» Information provided:
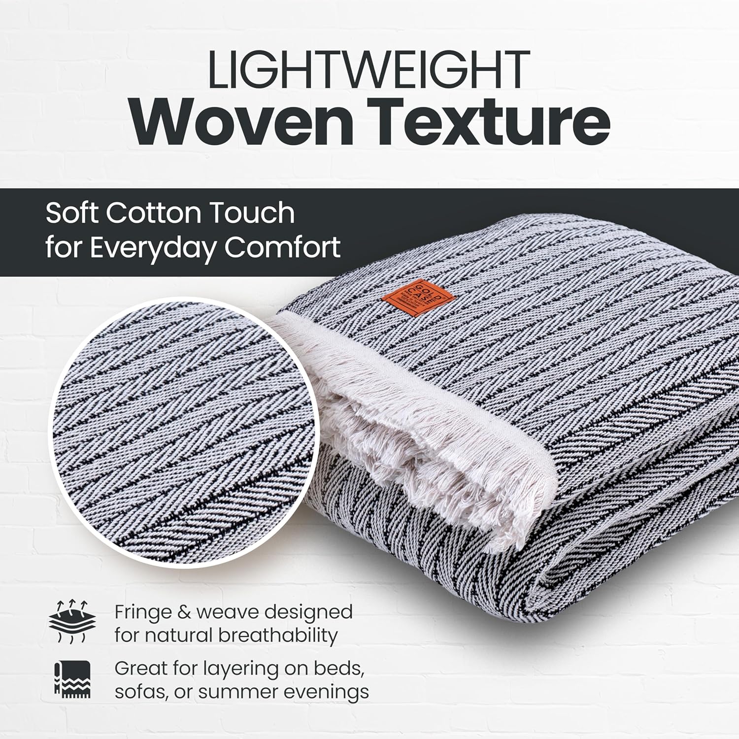 - LIGHTWEIGHT LAYERS FOR RELAXED MOMENTS: Woven from 100% recycled Turkish cotton, this breathable cotton blanket throw adds a soft, textured touch to your space; this bed throw blanket made for layering on your bed, or adding a laid-back look to your decor
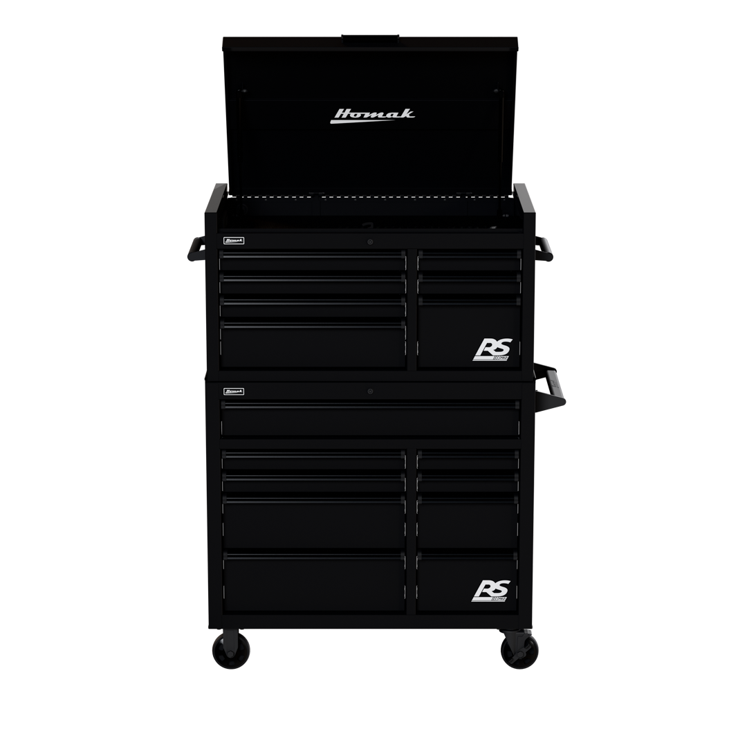 Full-length black aluminum contoured, scoop-style lift latch drawer pulls prevent drawers from opening and provides hassle-free access to tools
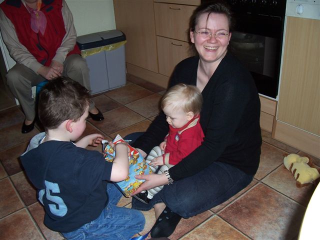 ....allerdings ist Nils - der Kindergarten hat ganz schön geschlaucht und da hat er um elf schon ein Stündchen geschlafen - dann nachmittags irgendwann ins Land der Träume gefallen und so hat Lars in Vertretung den Kuchen angeschnitten.
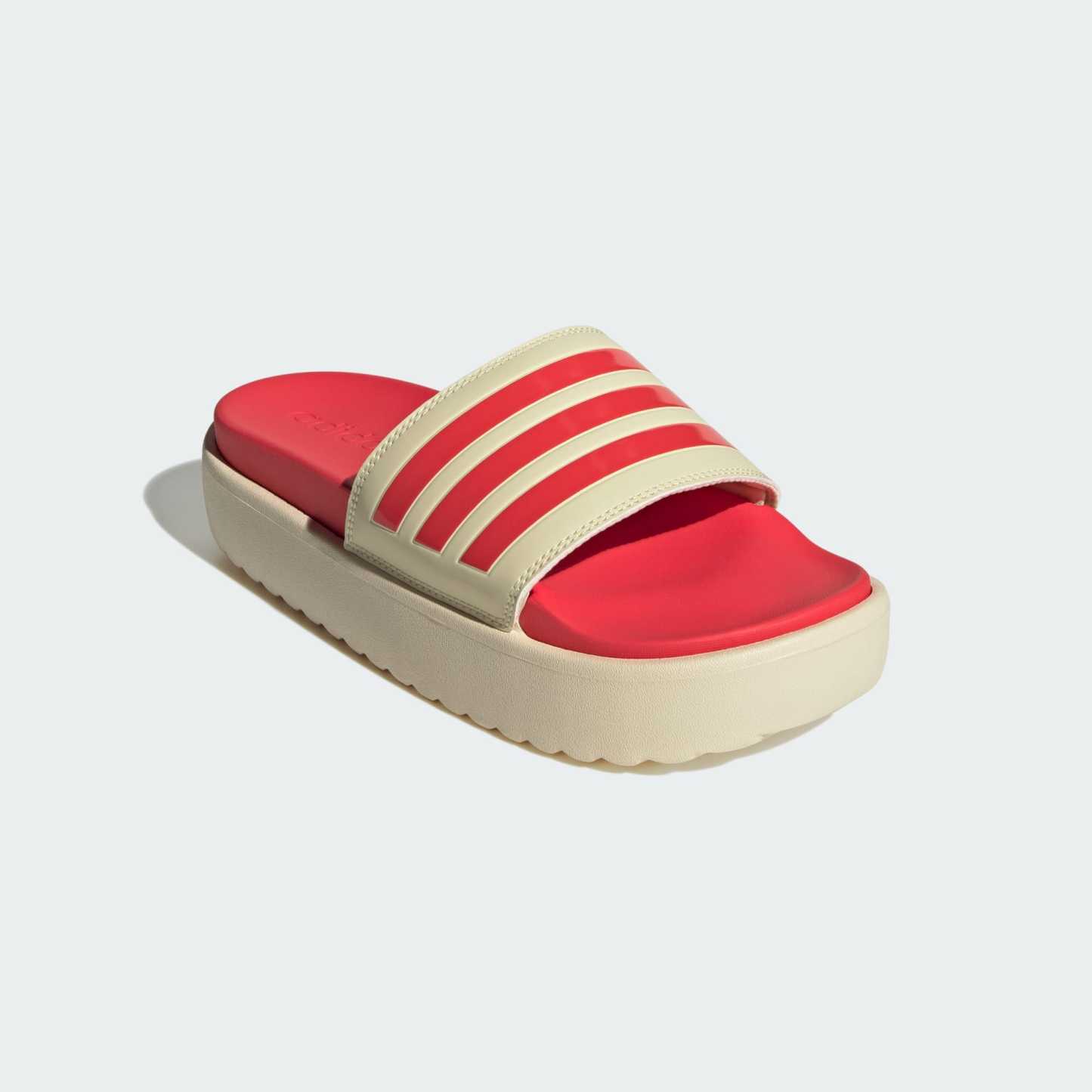 The coolest way to show off your pedicure. These adidas platform slides look at home by the pool and in the city with 3-Stripes wrapped around the smooth bandage uppers. These sandals have a contoured footbed and a cushioned EVA outsole for maximum comfort.

» What the exercise asks:
Find the line containing "Full-length black aluminum" in the listing above. Please restate word for word that line through the last one, leaving out the pictures.

» Response box:
 Full-length black aluminum contoured, scoop-style lift latch drawer pulls prevent drawers from opening and provides hassle-free access to tools
 ....allerdings ist Nils - der Kindergarten hat ganz schön geschlaucht und da hat er um elf schon ein Stündchen geschlafen - dann nachmittags irgendwann ins Land der Träume gefallen und so hat Lars in Vertretung den Kuchen angeschnitten.
 The coolest way to show off your pedicure. These adidas platform slides look at home by the pool and in the city with 3-Stripes wrapped around the smooth bandage uppers. These sandals have a contoured footbed and a cushioned EVA outsole for maximum comfort.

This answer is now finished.